→ Task prompt:
Reproduced exactly, the lines from the start of the material through the line containing "企業(yè)行業(yè)信用等級證書" should be the whole answer, with pictures excluded.

→ Data extract:
---

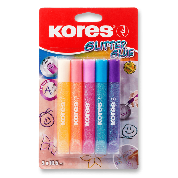 Lepidlo se třpytkami v pastelových barvách (žlutá, broskvová, růžová, tyrkysová, fialová)
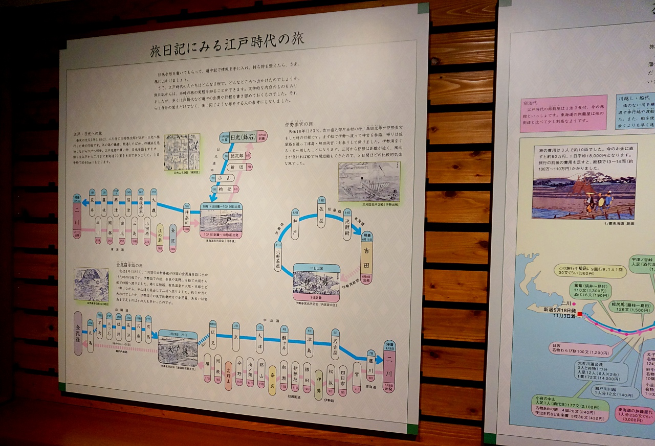 资料馆展示了以江户时代的街道及旅行为主题的东西。许多有关近代交通史,乡土历史的珍贵文献,旅人的蜡像,当时旅行所携带的道具等等。
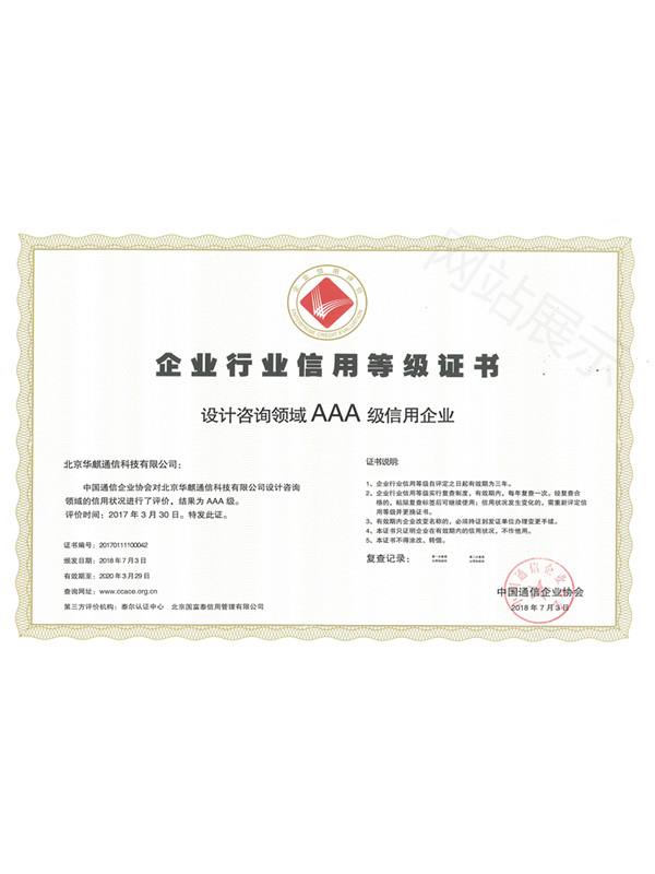 企業(yè)行業(yè)信用等級證書
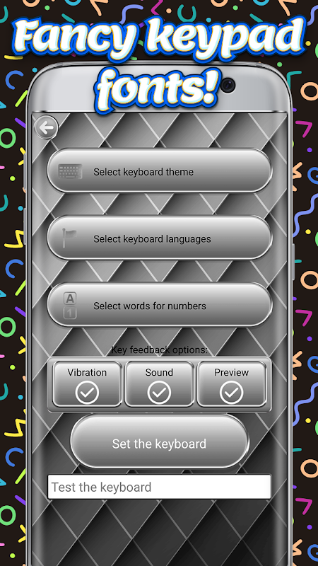 C'est le bon moment pour essayer la meilleure application gratuite avec des thèmes de clavier personnalisés et des images de fond d'écran qui amélioreront la beauté de votre appareil! Sélectionnez la langue désirée et définissez la taille et la couleur des "polices du clavier". Découvrez de nombreux «symboles de clavier» que nous avons préparés pour vous et embellissez vos SMS. Il ya aussi une option autocorrect qui ne vous laissera jamais orthographier quelque chose de mal.

---

→ Answer to the exercise:
 Lepidlo se třpytkami v pastelových barvách (žlutá, broskvová, růžová, tyrkysová, fialová)
 资料馆展示了以江户时代的街道及旅行为主题的东西。许多有关近代交通史,乡土历史的珍贵文献,旅人的蜡像,当时旅行所携带的道具等等。
 企業(yè)行業(yè)信用等級證書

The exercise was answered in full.